Forestry Science and Technology Institute () is a Bangladesh government owned forestry educational institute in Chittagong. It is the only institute in Bangladesh that offers a four-year diploma in forestry.

History 
Forestry Science and Technology Institute was established in 1994 in Chittagong with financial support from World Bank and United Nations Development Programme. It was originally called Bangladesh Forest College. it is under the Bangladesh Technical Education Board and run by Bangladesh Forest Department. It is a residential institute. The institute had 10 teachers at the beginning but the number was reduced to three after funding shortages. The institute takes in 50 students per year.

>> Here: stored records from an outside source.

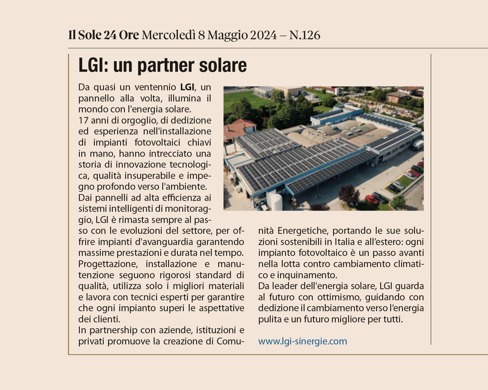 Da 17 anni, LGI installa impianti fotovoltaici all'avanguardia, promuovendo la sostenibilità e creando Comunità Energetiche in Italia e all'estero, con un impegno costante verso l'innovazione tecnologica e la lotta contro il cambiamento climatico.
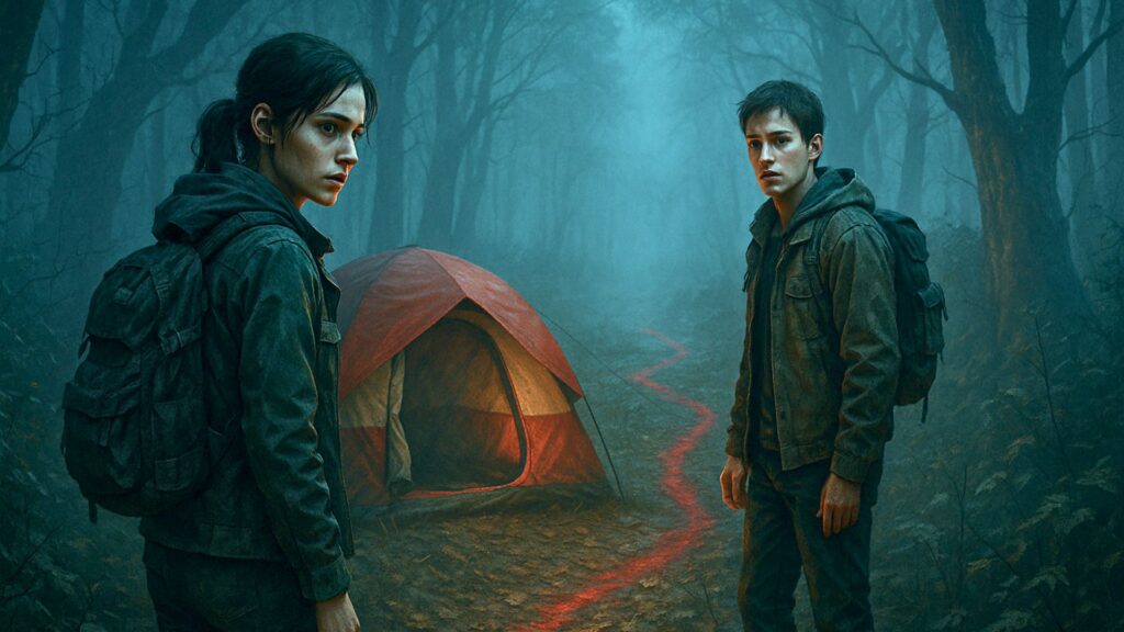 Adriana y su hermano Tomás acamparon en un bosque alejado del pueblo. Les habían advertido que no siguieran el sendero rojo, un camino oculto entre la niebla. Pero la curiosidad venció al miedo.
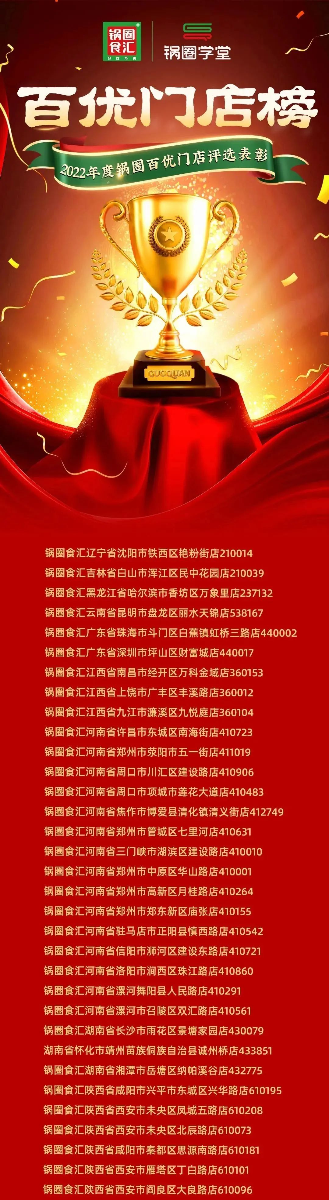 02 百优门店榜 为了表彰2022年全国各地涌现的优秀门店,本次评优评先活动特对本年度在成效经营、创造品牌价值、弘扬锅圈正能量等方面的门店进行评优评先,优秀门店的评选指标包括五个维度,分别是业绩维度、标准化维度、助推员工增长、积极学习、特殊贡献。以下是百优门店榜单。
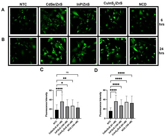 ROS images of THLE-2 cells treated with QDs. All images are representative images of a cell sample size of 60 cells repeated in triplicate (n = 3). The first row of images (A) is after 6 h of incubation in QDs, and the second row (B) is after 24 h of incubation. The figures below (C,D) represent the fluorescent intensity with ±SEM for each image quantified using ImageJ software. The figure on the bottom left (C) corresponds to the 6 h treatment, and the bottom right (D) to the 24 h treatment. Statistical analysis is indicated by * p = 0.05, ** p = 0.01, **** p = 0.0001.

On 13 March 2020, a video was leaked showing two teachers of the institute demanding money from students for good grades. One teacher, Amal Krisno Mandal, said that the student would be held back one year if he did not pay the money demanded. The other teacher was Delwar Hossain who allegedly prevented the installations of CCTV cameras in exam halls.

On 13 August 2020, a 14th batch student of the college, Yosuf Ali, was killed while serving in the Forest Department. He was killed while trying prevent illegal land grabbing and logging.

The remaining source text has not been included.